Advanced Switching Communications (Nasdaq: ASCX) closed its first day of public trading up 3 to 18, after pricing 6.3 million shares at $15, the top of its $13 to $15 range for trading Thursday.
The company makes products that enable telecommunications service providers to offer high speed, or broadband, services to end-users.
"These kind of infrastructure offerings have been strong," said Kenan Pollack of IPO Central, adding that infrastructure is one of the categories that may manage to escape the market doldrums in the PC and semiconductor categories.
Prior to 1999, Advanced Switching was a development stage company; it shipped its first product in March 1999. Like most young companies, it has racked up large debt.
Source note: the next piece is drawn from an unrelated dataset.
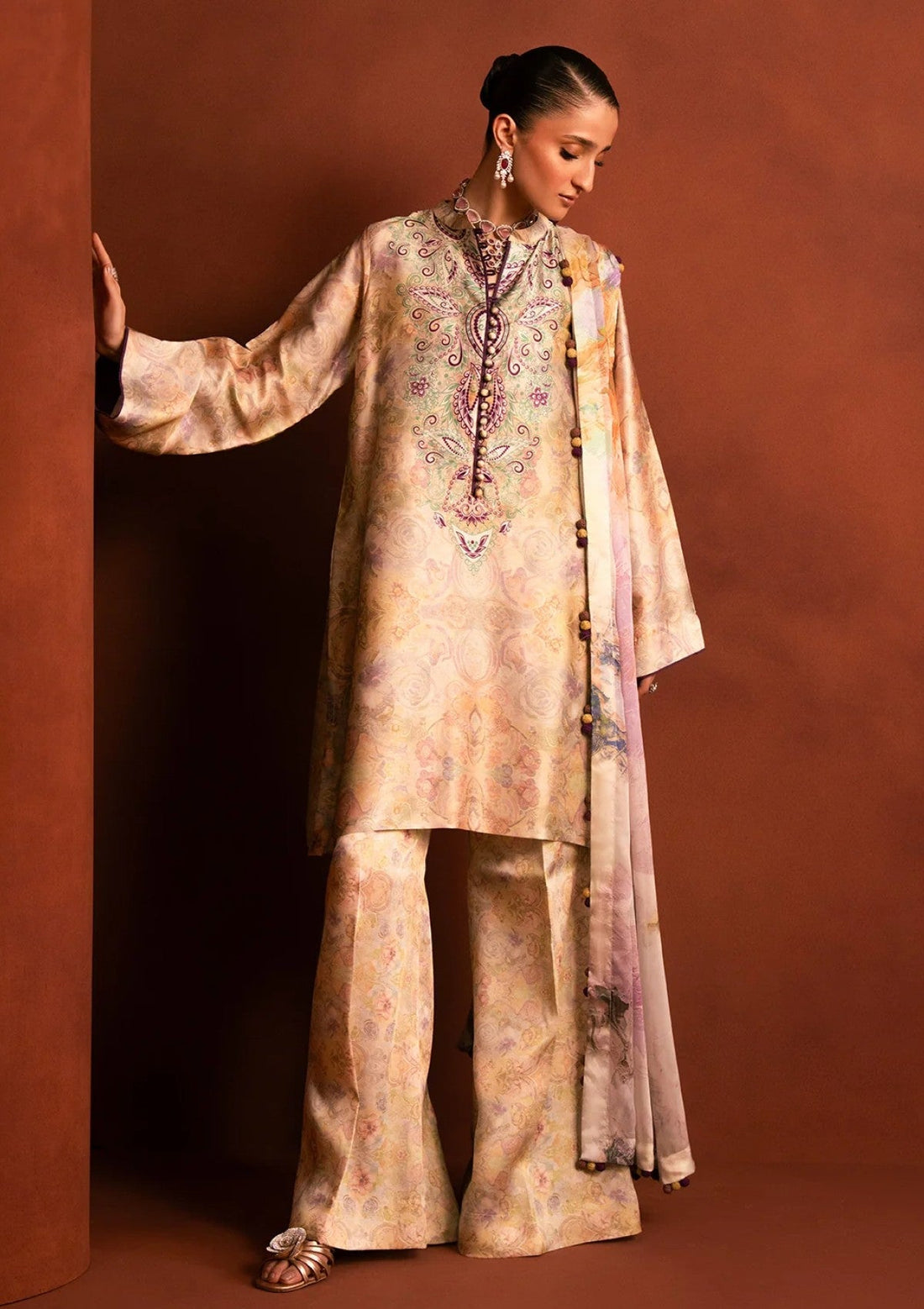 Outfit Type: Eastern Style: Long Shirt Color Type: Creamy Brown Package Includes: 3 Piece Top...

For the 6 months ended June 30, the company had a net loss of $9.09 million on revenue of $12.93 million, as opposed to a loss of $4.64 million on revenue of $402,000 for the same period in 1999. As of June 30, 2000 it had an accumulated deficit of $25.6 million.
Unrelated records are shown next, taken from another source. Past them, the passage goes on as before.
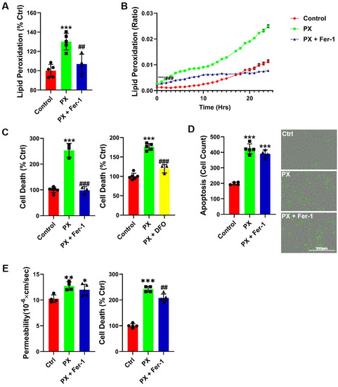 We have previously reported that neither antioxidants nor apoptosis inhibitors were able to rescue barrier functions in our BBB injury model [43,44], suggesting that the source of this damage is not a direct result of either process. We aimed to ascertain whether inhibiting a specific type of oxidative stress in the BLEC would attenuate the damage to BBB integrity. Since lipid compositions and their physiochemical properties greatly influence barrier functions [60] and intercellular lipids are a common target for oxidation by ROS [61,62], we measured lipid peroxidation at the initial insult event. A rapid and significant increase in lipid peroxidation was observed (Figure 1A). Additionally, we measured lipid peroxidation over a 24-h period using a live-cell analysis system and found that lipid peroxides accumulated over time (Figure 1B). The lipid peroxidation inhibitor Ferrostatin-1 (Fer-1) [63] abrogated this damage throughout the entire experiment (Figure 1A,B). Cell death was abrogated in the presence of Fer-1, indicating that lipid peroxidation contributed to the increased cell toxicity (Figure 1C). These results suggested that insult to BLEC might lead to ferroptosis for which Fer-1 is a classic and specific blocker [63]. The ferroptotic cell death entails two essential components: lipid peroxidation and accumulation of free iron ions [63,64]. We therefore treated cells with Desferal (DFO), an FDA-approved drug which acts as an iron chelator. Indeed, DFO significantly rescued cell toxicity (Figure 1C). To further confirm the ferroptosis process, the absence of apoptosis needed to be established [63,65]. The kinetics of apoptosis induction were measured with live cell imaging of caspase-3 activation for the duration of 24 h subsequent to endothelium exposure to PX. We found that PX induced apoptosis in BLEC, and that the addition of Fer-1 did not abrogate this effect (Figure 1D). Therefore, even though most of the classic ferroptosis signatures existed, it was inaccurate to classify this process as ferroptosis per se since ultimately, apoptosis occurred (Figure 1D). We then asked whether this ferroptosis-like process could account for the impaired functionality observed in the BBB model; Even though Fer-1 abrogated cell death (Figure 1C), it did not rescue barrier function from increased permeability (Figure 1E). Collectively, these results suggested that there were at least two processes that occurred as a result of PX damage to the brain endothelial cells. Initially, the cells rapidly responded to the PX challenge by lipid peroxidation; however, after 12 h, additional cell death pathways came into play, such as apoptosis. These seemed to be independent pathways, since BLEC underwent apoptosis even in the presence of Fer-1 (Figure 1D). Additionally, neither ferroptosis nor apoptosis seemed to be solely accountable for increased BBB permeability since two classic blockers of these programmed cell death processes (Fer-1 and the pan caspase inhibitor ZVAD) significantly attenuated cell death but failed to rescue the damage to barrier permeability (Figure 1E and [43]).
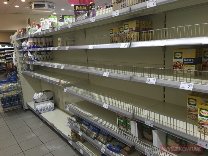 (Zam: 13.03.2020 r., godz. 08.44)Tak jak w całym kraju, także i na naszym terenie z półek znikały przede wszystkim makarony, mąka, kasze, mydło, papier toaletowy, a także chleb, konserwy. Długie kolejki, pośpiech, nerwy, zapchane parkingi - tak wyglądała rzeczywistość w ostatnich dniach przed centrami handlowymi. Ministerstwo Rozwoju zapewnia, że „Nie jest rozważane wprowadzenie nakazu dotyczącego zamykania obiektów handlowych. Zarówno pracownicy sklepów, jak i klienci, są proszeni o przestrzeganie wytycznych dotyczących zasad higieny, o których informuje Główny Inspektorat Sanitarny.".
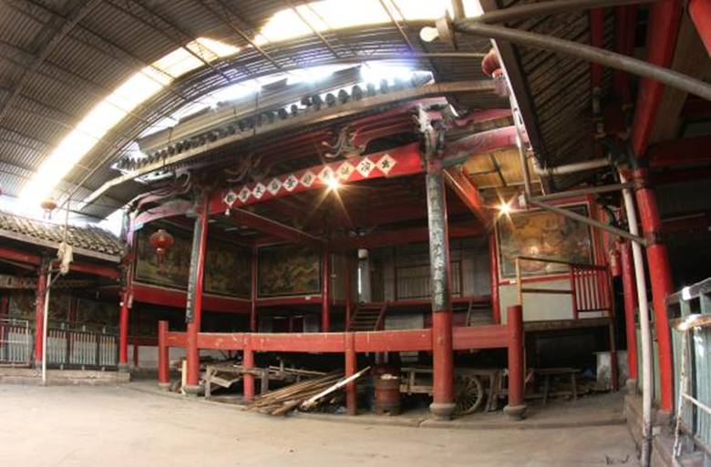 戏台与门厅共用一个硬山顶屋面,瓦当齐全,施虎头纹勾头、戏曲人物图案滴水。戏台后台及门厅二层的门壁上有戏单若干,演出的剧目有《蝴蝶泪》《青锋剑》《白罗衫》《双合缘》等。
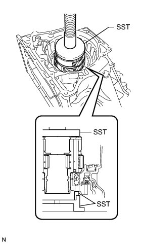 (b) Place SST on the 1st and reverse brake return spring and compress the 1st and reverse brake return spring with a press.
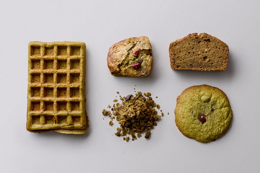 左:発酵よもぎのワッフル(フルサイズ)¥1,200 (税込)、真中上:発酵よもぎとあずきのスコーン¥530(税込)、右上:発酵よもぎのバナナブレッド¥530(税込)、真中下:発酵よもぎとデーツのグラノーラ¥1880(税込)/120g、右下:発酵よもぎクッキー¥430(税込)
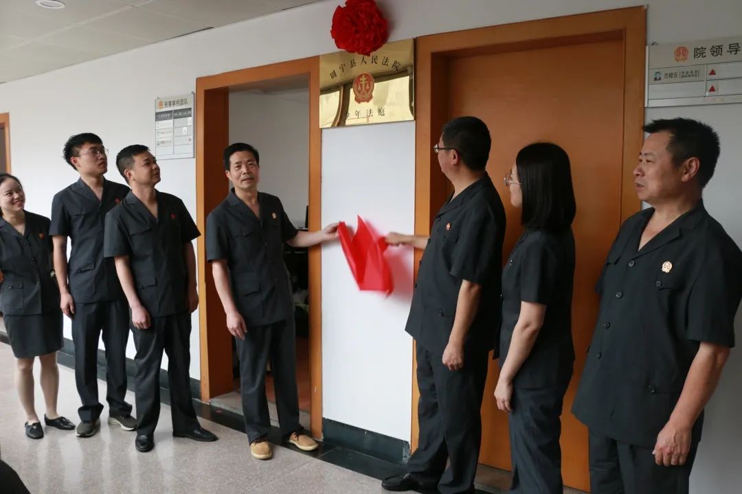 为切实做好新时代未成年人权益保护和犯罪预防工作,在“六一国际儿童节”当日,周宁法院举行少年法庭揭牌仪式。院党组书记、院长巫东、党组副书记、副院长许伟、党组成员、副院长熊树海及综合审判庭相关人员参加揭牌仪式。
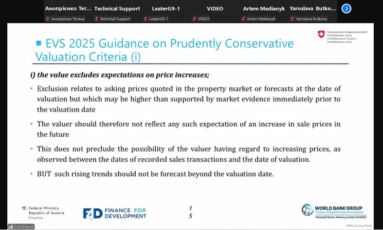 17 жовтня 2025 року у гібридному форматі відбувся міжнародний воркшоп Світового банку / FinSAC на тему: «EU Law Impacting Valuation for Mortgage Lending» («Вплив законодавства ЄС на оцінку вартості іпотечних кредитів»).

Risks to investors include the company's dependence on a relatively small number of customers. For the year ended December 31, 1999, 2nd Century Communications and AccessLan accounted for 22 percent and 53 percent of revenue. They also accounted for 11 percent and 10 percent of revenue for the 6 months ended June 30, while Broadband Office accounted for 53 percent of revenue for that period.
Other risks include patent problems; the company said it its filings witht the SEC that it recently received a letter from Nortel Networks (NYSE: NT) alleging that one of its products infringes a Nortel patent relating to inverse multiplexing over ATM. The dispute could result in litigation, the company added.
Advanced Switching competes with large networking equipment companies such as Alcatel (NYSE: ALA), Cisco Systems (Nasdaq: CSCO), Lucent Technologies (NYSE: LU) and Nortel, as well as companies such as Accelerated Networks (Nasdaq: ACCL).